___ Records shown ___

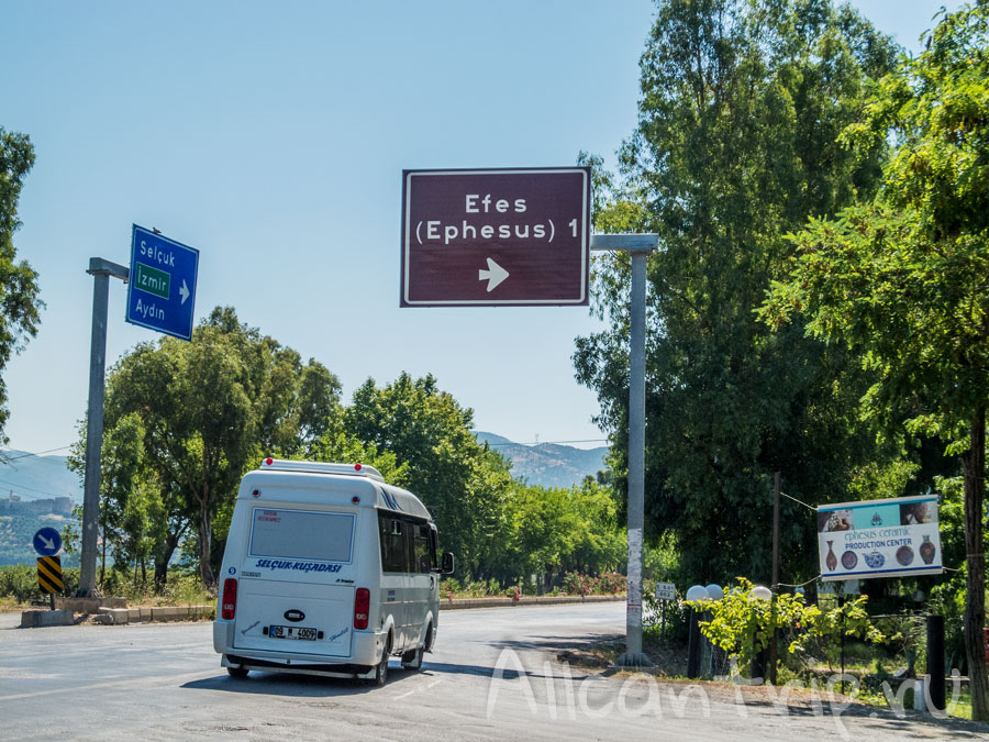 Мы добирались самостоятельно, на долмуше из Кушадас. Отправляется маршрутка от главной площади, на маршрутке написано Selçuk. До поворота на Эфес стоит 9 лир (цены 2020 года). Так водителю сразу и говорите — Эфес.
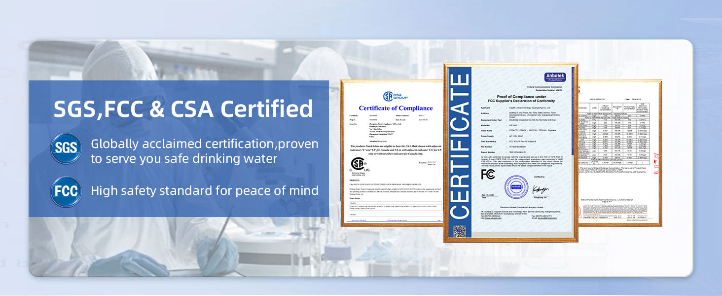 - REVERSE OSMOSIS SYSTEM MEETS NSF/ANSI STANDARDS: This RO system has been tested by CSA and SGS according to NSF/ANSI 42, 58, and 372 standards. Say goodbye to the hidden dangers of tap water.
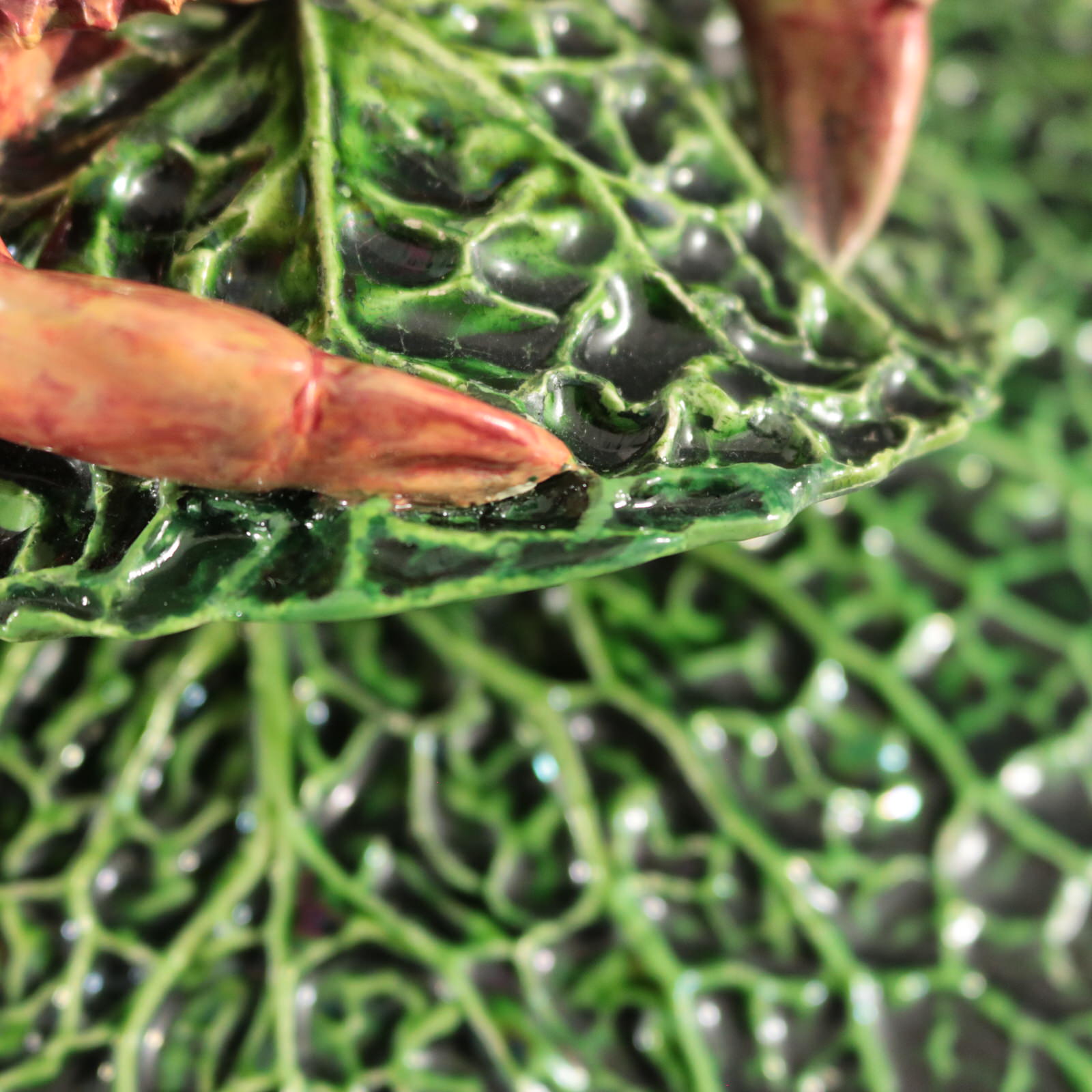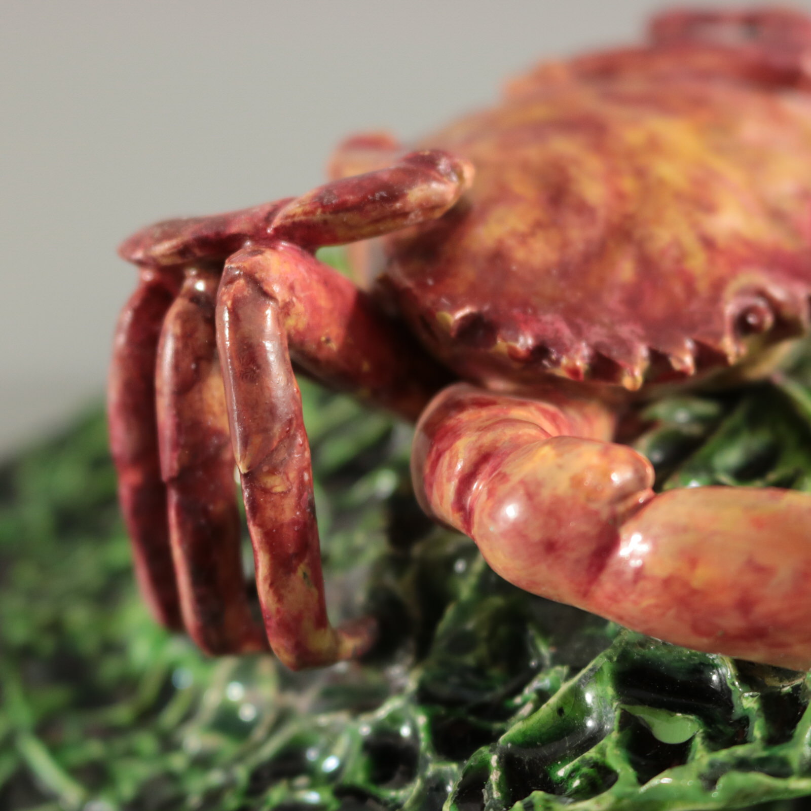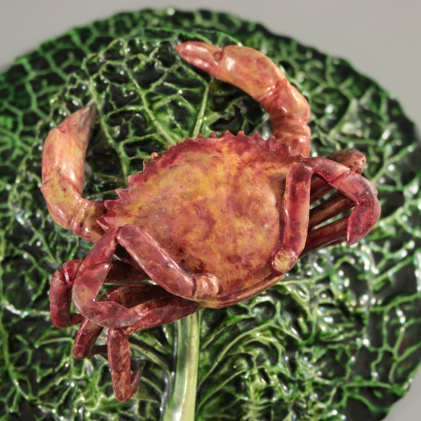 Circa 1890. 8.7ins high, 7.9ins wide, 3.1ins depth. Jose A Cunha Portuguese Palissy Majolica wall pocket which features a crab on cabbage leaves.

___
___ Records shown ___

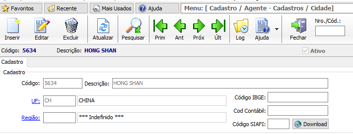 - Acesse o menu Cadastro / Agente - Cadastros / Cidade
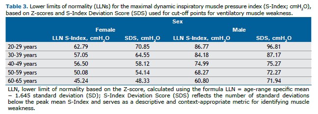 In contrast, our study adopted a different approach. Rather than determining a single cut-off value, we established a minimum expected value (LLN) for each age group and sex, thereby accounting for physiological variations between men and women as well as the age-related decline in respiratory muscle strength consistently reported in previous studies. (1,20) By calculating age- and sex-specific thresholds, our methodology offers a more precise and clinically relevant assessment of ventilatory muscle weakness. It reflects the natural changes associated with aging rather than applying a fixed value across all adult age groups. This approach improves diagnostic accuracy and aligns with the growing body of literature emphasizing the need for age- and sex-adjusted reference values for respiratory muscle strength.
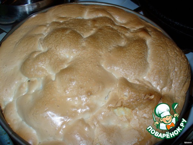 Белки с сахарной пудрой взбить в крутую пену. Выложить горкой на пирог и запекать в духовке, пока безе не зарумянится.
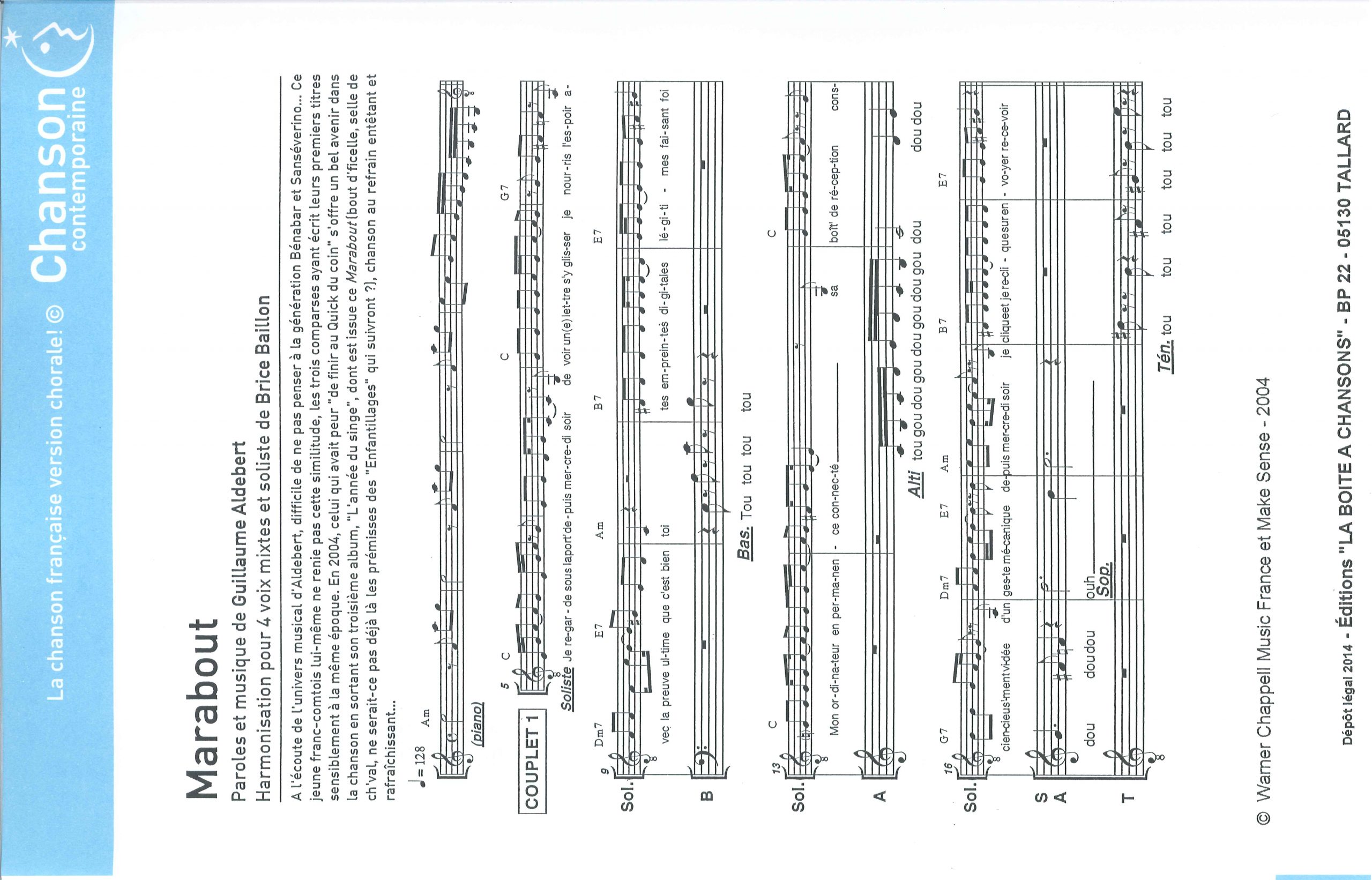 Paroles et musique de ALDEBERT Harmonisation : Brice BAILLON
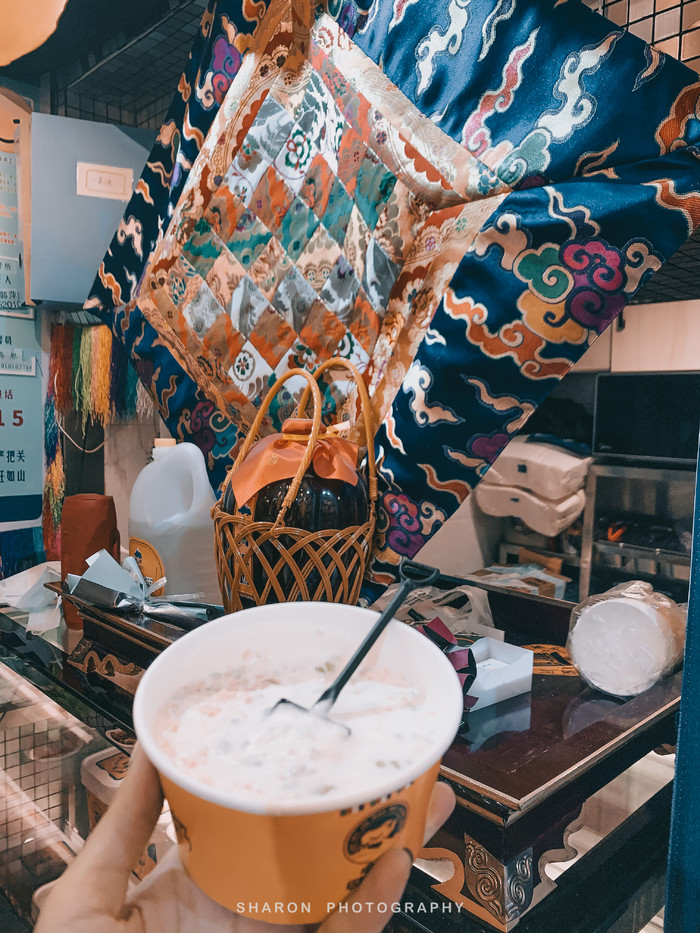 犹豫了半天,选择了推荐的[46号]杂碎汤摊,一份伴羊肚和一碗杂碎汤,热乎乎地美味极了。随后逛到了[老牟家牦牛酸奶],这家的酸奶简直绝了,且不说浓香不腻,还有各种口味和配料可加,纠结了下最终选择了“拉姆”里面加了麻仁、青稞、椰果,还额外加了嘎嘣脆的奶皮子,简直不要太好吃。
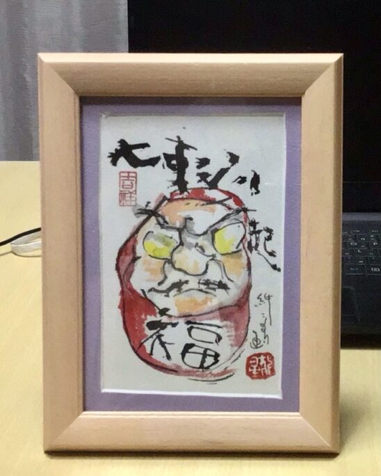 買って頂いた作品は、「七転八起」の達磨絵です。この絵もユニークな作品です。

___

* Work required:
In the listing above, find the line containing "- REVERSE OSMOSIS". Output it and every line after it up to and including the line containing "Circa 1890. 8.7ins", exactly, but skip the pictures.

* Solution:
 - REVERSE OSMOSIS SYSTEM MEETS NSF/ANSI STANDARDS: This RO system has been tested by CSA and SGS according to NSF/ANSI 42, 58, and 372 standards. Say goodbye to the hidden dangers of tap water.
 Circa 1890. 8.7ins high, 7.9ins wide, 3.1ins depth. Jose A Cunha Portuguese Palissy Majolica wall pocket which features a crab on cabbage leaves.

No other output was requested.